Cherry Lake is not far from Pinetta. The family that lives next door to us goes to Cherry Lake every weekend to fish and swim. My brothers and I stand in the yard and wave goodbye to them on Saturday mornings as they drive off with their picnic basket, pulling their fishing boat on a trailer behind them. But today they stood in the yard and waved to us. They looked surprised as we drove away. It is a Wednesday.

Daddy turns off the highway onto a red dirt road. A sign says Cherry Lake 5 Miles. We are nearly there. Palmetto leaves look like green fans on the sides of the road. Daddy is singing. He wants this to be a happy day for us. It cannot be a happy day for Daddy unless it’s a happy day for Mother. It cannot be a happy day for Mother unless it’s a happy day for us. This is how our family works. So Daddy is trying hard, singing, “The sun so hot I froze to death, Suzanna don’t you cry.” He wants Mother to sing too, and we look at her, hopeful.

“Oh, my God!” she shrieks.

Daddy slams on the brakes slinging Jimbo, Teddy and me hard against the front seat. Teddy cries. Across the road, stretched nearly from side to side, are two huge, fat snakes sunning themselves. Mother reaches into the back seat for Teddy. “Shhhhh,” she says to him, putting her finger to her lips, but looking straight ahead. “Do they have rattlers?” she whispers, her eyes squinted, her voice aimed at Daddy. “Listen. See if you hear rattlers.”

Pinetta is famous for rattlesnakes. Every year they have a rattlesnake round-up, lots of men pouring kerosene down snake holes and smoking the snakes out, catching them in croaker sacks, weighing and measuring them, sending the best snakes to Ross Allen’s Snake-Atorium at Silver Springs where they have the glass bottom boats. Pinetta takes pride in the size and number of rattlesnakes they have provided Ross Allen. The unremarkable snakes they sell to make hat bands and boots —and some of them they eat. The man who lives next door has been to the rattlesnake round-up. He says rattlesnake meat tastes like frog legs. But we haven’t been. Mother doesn’t believe in eating snakes. She hates them.

“Don’t worry,” Daddy says. “I’ll run over them.”

Mother gasps. Her bare feet spring from the floorboard to the seat. She wraps her arms around her knees. “Okay,” she says. “I’m ready. Hurry, hurry.”

Jimbo, Teddy and I lean over the front seat, watching. Daddy steps on the gas and the car moves.
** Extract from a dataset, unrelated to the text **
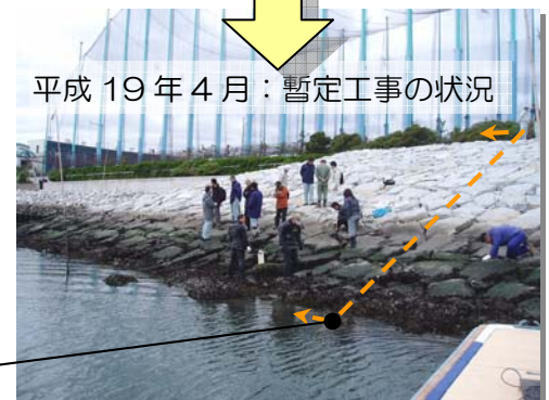
平成19年4月：暫定工事の状況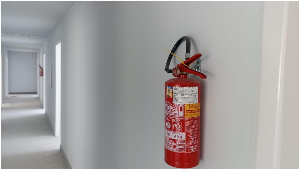
Figura 14 - Detalhe para extintor de incêndio

We all scream as we drive over the snakes. We imagine them thumping against the underside of the car. We think we feel a bump as we go.

Afterwards Daddy stops the car and we all stare out the rearview window. There lie the snakes, exactly as they were. One snake lifts his head, the other begins to slowly curve himself into a z. “They ’re not dead,” Mother says.

“I’ll back up,” Daddy says.

My brothers and I shriek. We begin jumping up and down in the back seat, slapping each other with our inner tubes. Daddy puts the car in reverse and backs over the snakes. Mother closes her eyes. Daddy stops the car again to view the damage. The snakes rearrange themselves lazily, still claiming the center of the road.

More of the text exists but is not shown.